Anyway, the subject of this post is the hacking of Home Depot.

As someone who once worked at the late competitor Horny Quarters. Oops, I mean Home Quarters. I will discuss in a future post why I call it Horny Quarters, but for now on with the comparison.

Like Home Depot, Home Quarters was a home improvement store that specialized in virtually everything you need to build, remodel, and maintain a home or other structure. These types of stores carry everything from nails to lumber to appliances. Of course, if you did not know that already, you probably live in a box.

It has been reported that Home Depot was hacked back in April of this year and was not discovered until a couple of weeks ago. This means that several months had passed where this hack took place. It has just been reported up to 56 million cards could have been put at risk, which possibly makes it larger than the attack on Target last year.

As a 7 week employee of Home Quarters as a cashier, I noticed that transactions varied in size from just a couple of dollars for a person buying a hammer and nails to someone buying what seemed to be endless amounts of lumber and other assorted products that added up costing thousands of dollars at the checkout.

Cash was a rarity for form of payment, however, as well as checks both personal and business. Most of the transactions were made by credit card. The majority of the cards were business cards, but about a quartet of the transactions was made by personal credit cards.

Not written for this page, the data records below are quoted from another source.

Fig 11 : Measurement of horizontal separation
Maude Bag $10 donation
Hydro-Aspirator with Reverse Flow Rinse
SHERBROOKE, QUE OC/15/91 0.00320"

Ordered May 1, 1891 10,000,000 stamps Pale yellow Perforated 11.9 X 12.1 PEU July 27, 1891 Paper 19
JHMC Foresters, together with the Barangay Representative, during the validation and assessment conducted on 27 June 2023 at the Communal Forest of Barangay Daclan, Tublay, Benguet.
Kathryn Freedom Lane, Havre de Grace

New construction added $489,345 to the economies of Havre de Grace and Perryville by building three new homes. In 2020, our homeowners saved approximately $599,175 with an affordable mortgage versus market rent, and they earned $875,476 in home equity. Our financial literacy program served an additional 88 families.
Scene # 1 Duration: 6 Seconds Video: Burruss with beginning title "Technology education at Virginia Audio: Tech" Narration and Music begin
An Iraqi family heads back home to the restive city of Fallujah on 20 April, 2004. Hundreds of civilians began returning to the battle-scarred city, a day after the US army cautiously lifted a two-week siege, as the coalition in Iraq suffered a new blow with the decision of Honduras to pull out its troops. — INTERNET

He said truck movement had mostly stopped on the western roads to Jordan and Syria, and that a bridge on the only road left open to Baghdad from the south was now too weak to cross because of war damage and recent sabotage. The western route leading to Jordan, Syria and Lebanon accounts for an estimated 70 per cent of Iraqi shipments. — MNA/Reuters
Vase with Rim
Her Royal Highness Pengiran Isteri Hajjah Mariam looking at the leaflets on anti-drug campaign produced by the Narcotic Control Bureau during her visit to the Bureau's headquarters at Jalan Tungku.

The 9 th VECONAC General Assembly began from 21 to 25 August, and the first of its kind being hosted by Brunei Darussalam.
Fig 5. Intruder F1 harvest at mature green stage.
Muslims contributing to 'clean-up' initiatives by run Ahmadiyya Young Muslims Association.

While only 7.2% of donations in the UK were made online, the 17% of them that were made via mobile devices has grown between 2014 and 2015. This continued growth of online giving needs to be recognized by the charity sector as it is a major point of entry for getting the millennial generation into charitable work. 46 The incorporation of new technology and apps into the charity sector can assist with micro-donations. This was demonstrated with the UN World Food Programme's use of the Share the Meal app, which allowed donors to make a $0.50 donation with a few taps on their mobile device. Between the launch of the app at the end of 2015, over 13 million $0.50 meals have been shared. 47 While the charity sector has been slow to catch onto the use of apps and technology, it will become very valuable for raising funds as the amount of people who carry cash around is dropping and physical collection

Any way you look at it, the hacking of credit cards at a home improvement store could be a boon to anybody who successfully hacks the system. It was not uncommon to have sales in excess of nearly $50,000 in transactions after a 5 or 6 hour day. Of course a longer day would bring that number up by another few thousand dollars.

The biggest problem that I saw as a bad trend with most of the business transactions was that most people didn’t care how much they were spending and really never cared how much they were being charged for any of their items. This presents the scary situation that these same people never check their credit card statements for any possible fraudulent usage.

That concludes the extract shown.